Records for this exercise
********************

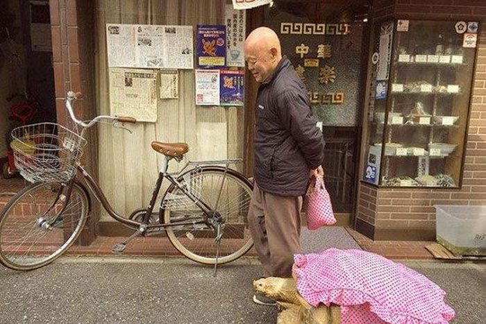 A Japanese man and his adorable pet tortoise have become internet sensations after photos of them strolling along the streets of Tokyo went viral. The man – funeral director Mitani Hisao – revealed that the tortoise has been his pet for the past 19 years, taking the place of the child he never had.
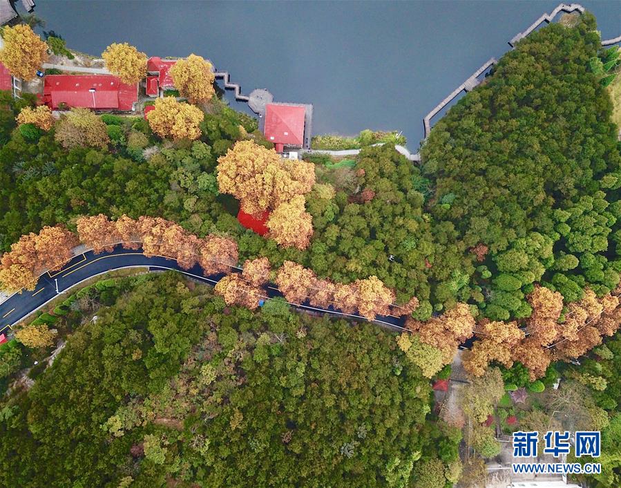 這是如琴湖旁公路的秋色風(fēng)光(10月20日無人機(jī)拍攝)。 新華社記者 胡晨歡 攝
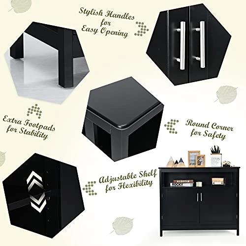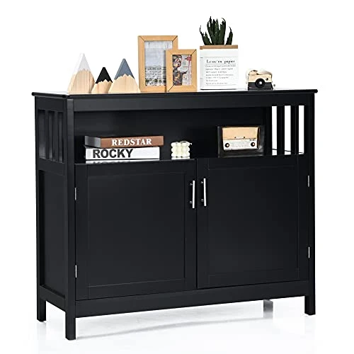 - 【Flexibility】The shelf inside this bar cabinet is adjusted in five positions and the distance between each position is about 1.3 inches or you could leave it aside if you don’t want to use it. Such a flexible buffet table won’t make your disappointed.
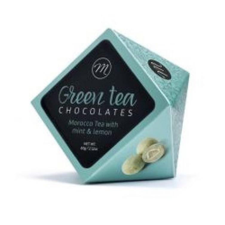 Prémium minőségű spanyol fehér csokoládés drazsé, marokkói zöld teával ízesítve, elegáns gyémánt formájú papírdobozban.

********************

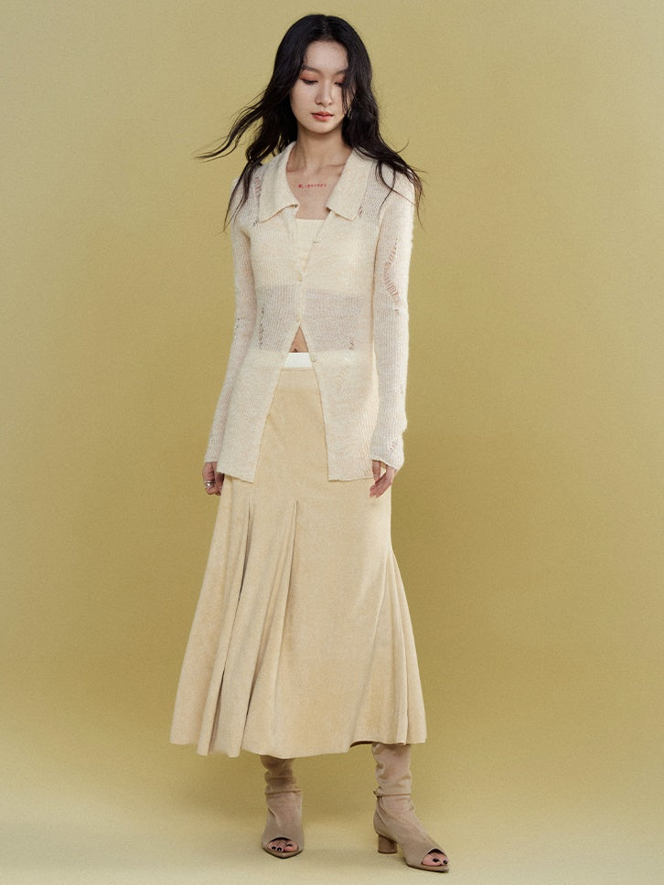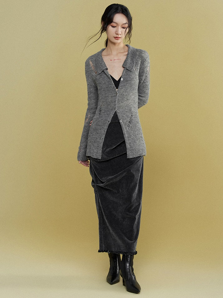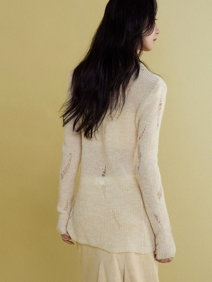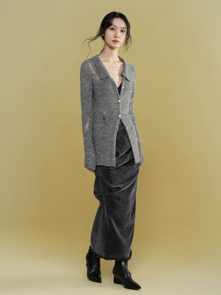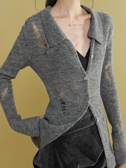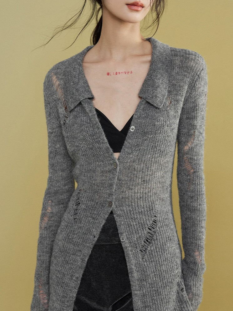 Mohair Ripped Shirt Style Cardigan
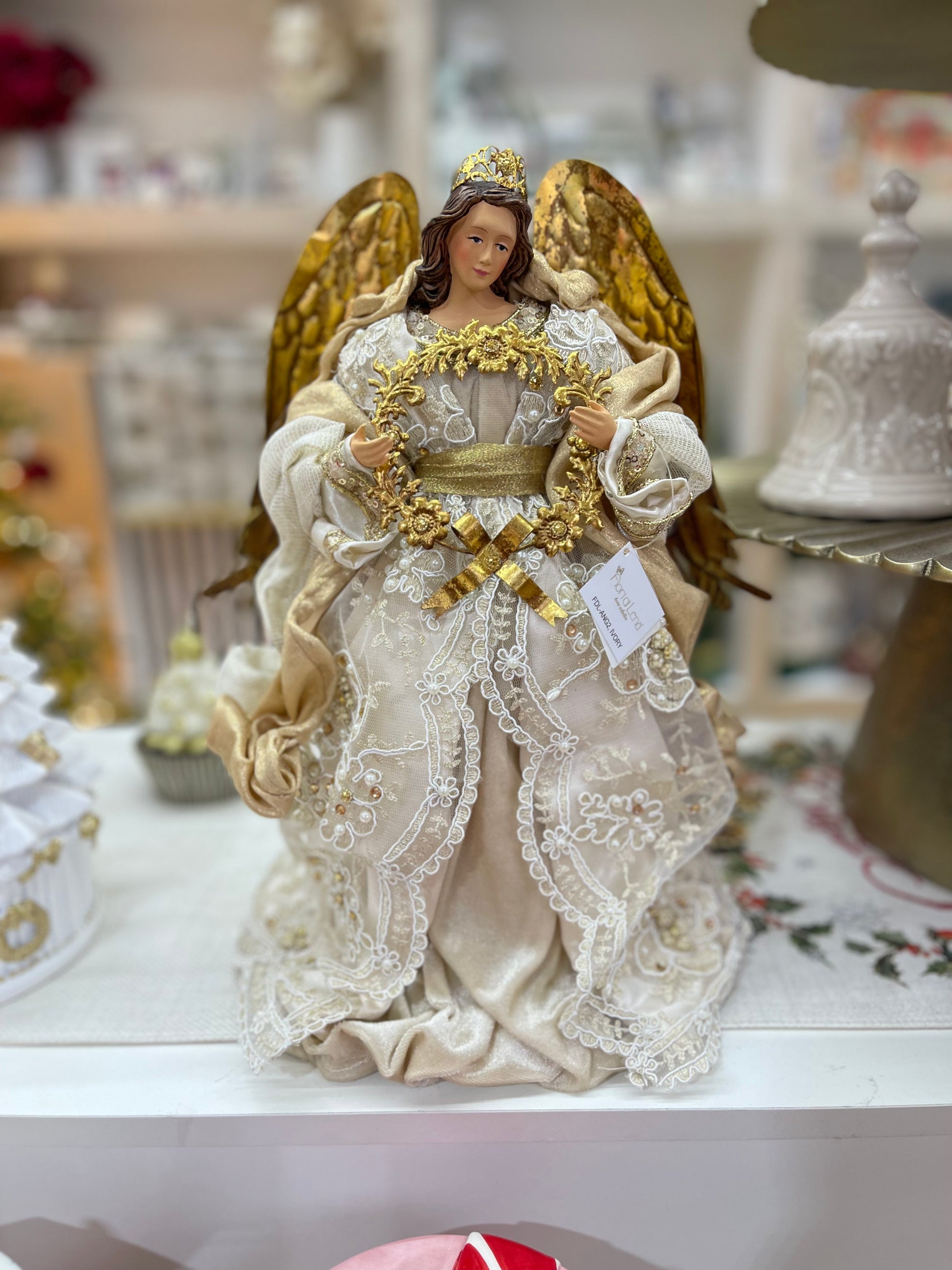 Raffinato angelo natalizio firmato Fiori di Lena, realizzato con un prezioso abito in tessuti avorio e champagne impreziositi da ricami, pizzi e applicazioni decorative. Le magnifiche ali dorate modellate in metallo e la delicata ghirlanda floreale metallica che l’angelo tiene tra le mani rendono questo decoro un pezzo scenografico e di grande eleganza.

********************

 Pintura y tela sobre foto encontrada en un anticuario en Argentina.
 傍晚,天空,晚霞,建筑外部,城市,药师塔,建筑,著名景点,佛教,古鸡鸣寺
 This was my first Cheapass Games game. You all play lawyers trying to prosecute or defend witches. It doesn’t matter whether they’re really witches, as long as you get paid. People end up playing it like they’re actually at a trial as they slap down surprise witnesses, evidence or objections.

********************

What the task requires
In the listing above, find the line with "Pintura y tela" and the line with "This was my". Output those two lines and every line between them, exactly as written.

Reply to the exercise
 Pintura y tela sobre foto encontrada en un anticuario en Argentina.
 傍晚,天空,晚霞,建筑外部,城市,药师塔,建筑,著名景点,佛教,古鸡鸣寺
 This was my first Cheapass Games game. You all play lawyers trying to prosecute or defend witches. It doesn’t matter whether they’re really witches, as long as you get paid. People end up playing it like they’re actually at a trial as they slap down surprise witnesses, evidence or objections.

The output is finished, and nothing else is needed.